How to Use Podman on AMD Accelerator Cloud (AAC) to Use rocgdb to Debug Application

Introduction

This guide describes how to allocate and SSH to an AMD GPU compute node on the Slurm cluster and use Podman to run a ROCm Docker image so you can use rocgdb to debug sources outside the container (e.g. under $HOME, mounted as /workdir inside the container).

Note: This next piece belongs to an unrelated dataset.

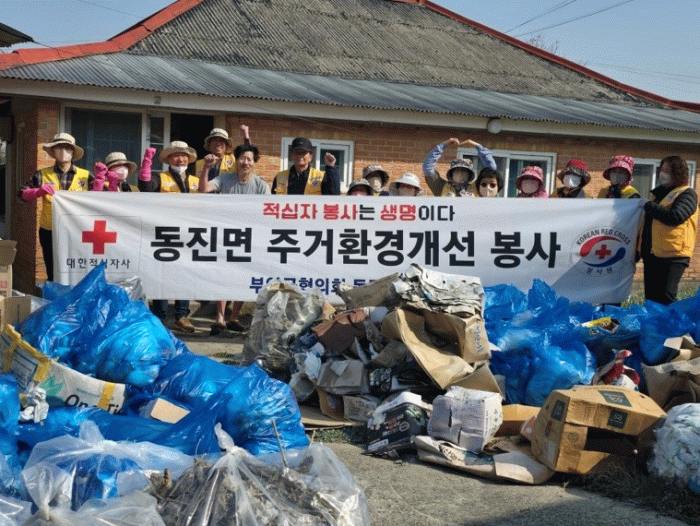 적십자 봉사회원 20여명은 집 안팎에 쌓여 있던 쓰레기들을 정리․배출하고 정성껏 청소하여, 쾌적한 주거환경을 만들기 위해 힘을 모았다.

Allocate and SSH to an AMD GPU compute node

From the Slurm login node, use a command like the following to allocate and SSH to an AAC compute node:

salloc -N 1 --exclusive --mem=0 --gres=gpu:8 -p <Partition_Name> --account=<ACCOUNT_NAME>

Example:

salloc -N 1 --exclusive --mem=0 --gres=gpu:8 -p 256C8G1H_MI325X_Ubuntu22 --account=myteam

Pulling and verifying container images with Podman

  1. Pulling an image:

Command Structure:

podman pull (registry/]image_name:tag

registry/: (Optional) Specifies the container registry. Examples: docker.io, quay.io, or a private registry. If omitted, Podman defaults to docker.io.

image_name: The name of the container image.

tag: (Optional) Specifies the image tag. If omitted, Podman defaults to latest.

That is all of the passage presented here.